We both smiled at the memory.

“Only she … Emily—you should have let me go. Instead, you sent Karl Olson. You sent Karl to kill me, goddamn you. That’s what made me decide if I wanted to become someone else, first I had to make amends for who I used to be.

“But McKenzie—how do you stop blackmailers without hurting the people they’re blackmailing? And what about my friends from Deer River? I called Oliver and told him what happened. I didn’t ask for forgiveness. I didn’t think I deserved it. I called him because I hoped he might talk to the commissioner and ask her to help me. I knew she was an ex-sheriff, something like that. He said he would. I gave him one of my guns, your guns, for protection. Afterward, I went to the duplex and hustled my friends out of town. I sent them to my friend Cyndy for safekeeping.

“And then they killed Oliver.

“And I knew what I had to do.

“Why, Emily? Why did you kill Oliver?”

Hoover smirked, actually smirked, which I considered amazing given the circumstances.

“Do you expect me to confess?” she asked. “Is that why you brought McKenzie in here, so he could hear my confession?
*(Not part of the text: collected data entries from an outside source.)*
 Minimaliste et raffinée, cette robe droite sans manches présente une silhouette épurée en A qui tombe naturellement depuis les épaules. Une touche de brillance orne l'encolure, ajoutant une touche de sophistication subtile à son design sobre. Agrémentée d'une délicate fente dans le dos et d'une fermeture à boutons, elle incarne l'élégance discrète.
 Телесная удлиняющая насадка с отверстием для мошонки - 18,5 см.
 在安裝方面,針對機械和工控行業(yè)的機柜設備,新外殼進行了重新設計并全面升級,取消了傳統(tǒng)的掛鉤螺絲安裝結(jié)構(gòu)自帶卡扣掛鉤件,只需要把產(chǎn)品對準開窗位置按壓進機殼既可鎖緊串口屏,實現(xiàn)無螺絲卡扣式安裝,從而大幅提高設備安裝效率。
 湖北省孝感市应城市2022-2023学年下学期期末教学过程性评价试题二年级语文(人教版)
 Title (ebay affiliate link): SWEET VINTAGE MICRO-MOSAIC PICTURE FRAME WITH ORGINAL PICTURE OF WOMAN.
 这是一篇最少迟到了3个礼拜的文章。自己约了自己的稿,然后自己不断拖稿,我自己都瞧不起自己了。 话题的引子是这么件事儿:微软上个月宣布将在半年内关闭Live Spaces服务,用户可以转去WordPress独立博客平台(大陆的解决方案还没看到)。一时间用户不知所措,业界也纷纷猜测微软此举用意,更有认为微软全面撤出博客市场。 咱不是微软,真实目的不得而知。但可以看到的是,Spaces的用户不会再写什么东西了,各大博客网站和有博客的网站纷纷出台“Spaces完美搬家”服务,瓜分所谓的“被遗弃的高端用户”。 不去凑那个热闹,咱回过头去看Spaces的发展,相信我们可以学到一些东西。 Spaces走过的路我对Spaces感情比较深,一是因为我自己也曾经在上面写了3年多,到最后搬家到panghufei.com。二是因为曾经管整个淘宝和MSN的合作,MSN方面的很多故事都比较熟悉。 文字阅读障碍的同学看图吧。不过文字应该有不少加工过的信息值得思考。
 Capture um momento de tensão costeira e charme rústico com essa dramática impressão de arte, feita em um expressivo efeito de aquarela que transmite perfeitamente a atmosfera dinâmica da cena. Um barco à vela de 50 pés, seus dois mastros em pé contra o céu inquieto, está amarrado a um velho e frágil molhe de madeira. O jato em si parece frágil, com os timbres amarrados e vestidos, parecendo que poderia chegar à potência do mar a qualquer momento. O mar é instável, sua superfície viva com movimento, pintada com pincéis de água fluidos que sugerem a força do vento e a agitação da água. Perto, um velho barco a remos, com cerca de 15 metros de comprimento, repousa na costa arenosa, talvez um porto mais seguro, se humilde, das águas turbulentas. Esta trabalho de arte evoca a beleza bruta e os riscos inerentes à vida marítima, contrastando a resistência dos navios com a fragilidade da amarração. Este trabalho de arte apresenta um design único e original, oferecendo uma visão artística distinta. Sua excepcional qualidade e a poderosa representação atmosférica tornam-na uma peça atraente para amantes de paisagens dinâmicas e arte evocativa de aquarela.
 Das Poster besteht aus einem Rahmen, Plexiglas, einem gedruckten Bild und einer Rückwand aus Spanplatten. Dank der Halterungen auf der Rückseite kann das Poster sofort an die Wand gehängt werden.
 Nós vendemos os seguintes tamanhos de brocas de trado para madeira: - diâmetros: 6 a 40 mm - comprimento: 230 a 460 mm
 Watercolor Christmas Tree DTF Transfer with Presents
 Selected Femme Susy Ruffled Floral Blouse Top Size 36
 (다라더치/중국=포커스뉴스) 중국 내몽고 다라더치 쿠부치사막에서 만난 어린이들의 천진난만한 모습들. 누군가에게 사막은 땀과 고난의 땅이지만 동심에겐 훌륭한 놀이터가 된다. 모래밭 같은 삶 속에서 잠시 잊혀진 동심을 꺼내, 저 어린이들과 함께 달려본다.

You’re so stupid, Ella. Stupid little Barbie doll with a plastic head. It doesn’t matter what I say. Don’t you get it? You can’t use what I say against me. You have guns—”

“Gun,” I said. “Singular.”

“I’ll claim duress. You forced the confession from me. You’ll never be able to use it in court.”

“Lady, look around. We’re not in court.”

“That stupid boy. That stupid, stupid boy. He came to my open house in Highland Park with that stupid, stupid gun. He wanted me to confess, too. I told him that anyone could walk in at any time. I told him to wait for me in his car. And he did, too, that stupid, stupid boy. I took a knife out of the kitchen and sat in the car and talked until he relaxed and then I stabbed him. Is that what you wanted to hear, El? How I killed that stupid, stupid boy? Afterward, I shoved him over on the seat and drove his car to the ice arena. I walked the two blocks back to the house, washed off the knife, put it away, and drove home. I slept like a baby, El. Happy?”

El brought the gun up. I had no doubt that finally, she was going to use it.

I stepped in close, grabbed the Beretta by the muzzle, and yanked upward. The gun went off. A single bullet bore into the ceiling above us.